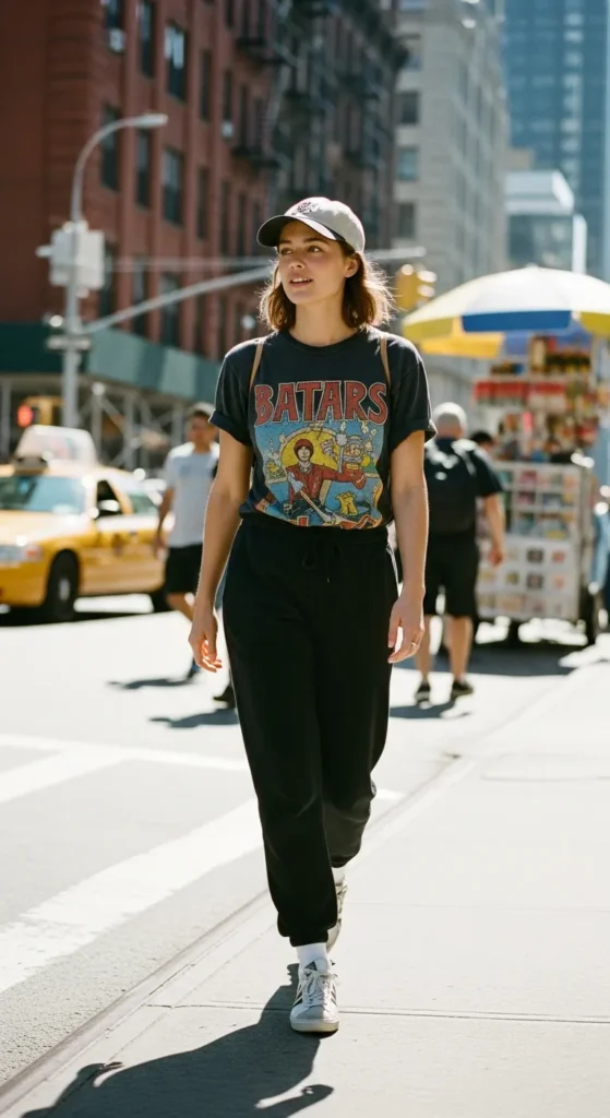Black sweatpants and a graphic tee feel expressive and personal. The outfit reflects mood and personality, creating a laid back look that still feels styled and intentional without feeling forced.
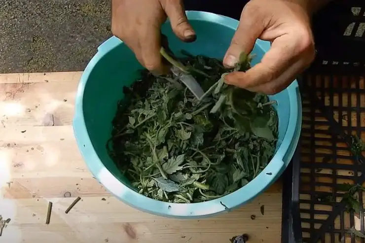 Para preparar el macerado de tomate, remoja las hojas y el tallo de la planta en agua, preferiblemente agua de lluvia. Elija un recipiente de cerámica o, alternativamente, puede optar por un contenedor de plástico. Para obtener un insecticida natural perfecto, recomendamos utilizar 250/300 gramos de tomatera por cada litro de agua. Es preferible no utilizar los frutos dentro del macerado, ya que son menos efectivos.
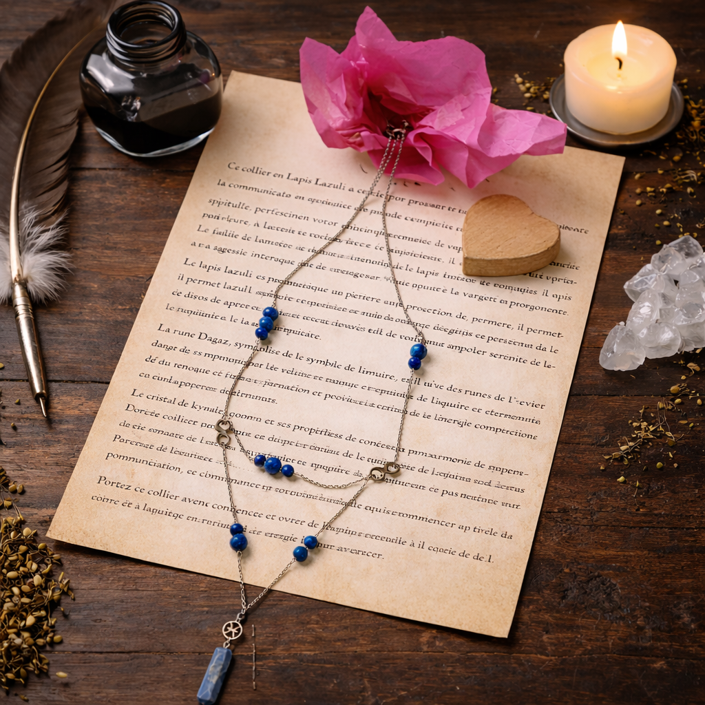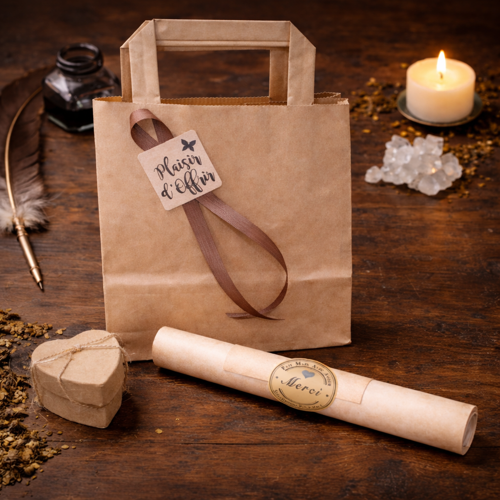 Chaque bijou est accompagné d’un parchemin explicatif, sur lequel vous retrouverez la signification des pierres, l’énergie des symboles utilisés, ainsi que des conseils d’entretien pour préserver toute la beauté et les vibrations de votre création dans le temps.
========
What you have to do :: Pictures excluded, repeat exactly the lines from the top of the material through the line with "Para preparar el", including both of those lines.

Result for this task ::
Black sweatpants and a graphic tee feel expressive and personal. The outfit reflects mood and personality, creating a laid back look that still feels styled and intentional without feeling forced.
 Para preparar el macerado de tomate, remoja las hojas y el tallo de la planta en agua, preferiblemente agua de lluvia. Elija un recipiente de cerámica o, alternativamente, puede optar por un contenedor de plástico. Para obtener un insecticida natural perfecto, recomendamos utilizar 250/300 gramos de tomatera por cada litro de agua. Es preferible no utilizar los frutos dentro del macerado, ya que son menos efectivos.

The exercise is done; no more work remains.